- Available Technologies
Keywords: Electronic Parts/Manufacturing
This topology agnostic fault detection and location technology is the first such technology that is system-independent, uses only local measurements, and is closed form (non-iterative). Combining these attributes allows this technology to operate quickly to meet the needs of the growing DC microgrid market. This speed advantage bridges a major challenge for DC microgrids by protecting components from speed critical fault events. This technology can also inform the protection needs of high voltage DC lines, which are part of most power systems. Clemson University researchers have developed a fault detection system possessing superior speed and simpler implementation enabling faster protection for component devices as well as determining the location of faults in real time.

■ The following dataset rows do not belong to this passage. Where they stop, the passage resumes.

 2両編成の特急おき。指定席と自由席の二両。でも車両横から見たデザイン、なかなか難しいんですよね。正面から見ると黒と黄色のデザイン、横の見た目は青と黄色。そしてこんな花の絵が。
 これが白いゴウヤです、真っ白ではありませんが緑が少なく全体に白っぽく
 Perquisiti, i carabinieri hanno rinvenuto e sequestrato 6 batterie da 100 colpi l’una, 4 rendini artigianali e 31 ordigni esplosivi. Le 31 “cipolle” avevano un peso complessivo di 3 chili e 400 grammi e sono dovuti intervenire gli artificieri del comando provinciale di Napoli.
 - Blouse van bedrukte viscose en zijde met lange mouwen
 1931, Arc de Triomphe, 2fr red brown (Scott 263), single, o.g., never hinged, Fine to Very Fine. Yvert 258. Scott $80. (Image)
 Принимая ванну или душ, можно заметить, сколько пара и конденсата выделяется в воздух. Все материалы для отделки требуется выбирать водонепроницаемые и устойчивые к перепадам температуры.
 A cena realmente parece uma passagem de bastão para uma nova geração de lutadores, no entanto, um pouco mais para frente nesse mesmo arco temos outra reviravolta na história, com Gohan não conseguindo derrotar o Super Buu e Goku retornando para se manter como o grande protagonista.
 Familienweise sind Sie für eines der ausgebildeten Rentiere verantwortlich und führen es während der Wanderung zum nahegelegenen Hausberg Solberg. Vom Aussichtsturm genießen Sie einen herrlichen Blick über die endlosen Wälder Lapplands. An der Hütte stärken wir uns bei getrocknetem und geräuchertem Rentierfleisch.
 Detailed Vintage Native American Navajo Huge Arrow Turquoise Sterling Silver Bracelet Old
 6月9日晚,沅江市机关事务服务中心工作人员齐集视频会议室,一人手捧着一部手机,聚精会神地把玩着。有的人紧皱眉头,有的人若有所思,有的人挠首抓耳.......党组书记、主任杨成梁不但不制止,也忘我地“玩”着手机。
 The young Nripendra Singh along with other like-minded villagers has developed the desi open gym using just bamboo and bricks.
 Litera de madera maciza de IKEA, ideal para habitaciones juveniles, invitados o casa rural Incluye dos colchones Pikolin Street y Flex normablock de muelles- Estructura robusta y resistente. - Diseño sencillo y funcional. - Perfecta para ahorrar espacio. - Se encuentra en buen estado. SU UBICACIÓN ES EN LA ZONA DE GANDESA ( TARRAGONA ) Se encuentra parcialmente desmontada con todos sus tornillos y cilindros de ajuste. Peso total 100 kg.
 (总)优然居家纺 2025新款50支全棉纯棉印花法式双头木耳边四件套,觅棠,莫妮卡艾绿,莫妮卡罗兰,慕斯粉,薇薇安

Circuit breakers, Converters, Faults, DC microgrid, High voltage, Electrical Engineering
The topology agnostic fault detection and location technique meets speed critical application needs to address current rises that can occur on the order of tens of microseconds in a dc circuit as a result of a fault. When a fault occurs on a feeder-section in a dc microgrid, the current contributions from the dc link capacitors associated with dc-dc converters or ac-dc rectifiers dominate the fault current first. Capacitors resist the rapid change of voltage. So, for a short period of time the capacitor will act like a constant voltage dc source while discharging through the fault. Within this time the current through the dc line will have the same response as it would have for an ideal voltage source instead of the capacitor. So, measurements from this initial period are used to determine the fault location. The method uses only local measurements, preventing delay due to communication. Furthermore, the technique has a fixed execution time due to being non-iterative. System independence allows for a simpler to implement system because the calculation of protection thresholds is based only on the feeder being protected and not on the topology of the whole system. When the rest of the system changes, when an adjacent line is out of operation for example, the thresholds do not have to be recalculated. These features of the technology are conducive to simple and efficient operation to protect vulnerable devices from quickly rising currents during fault events.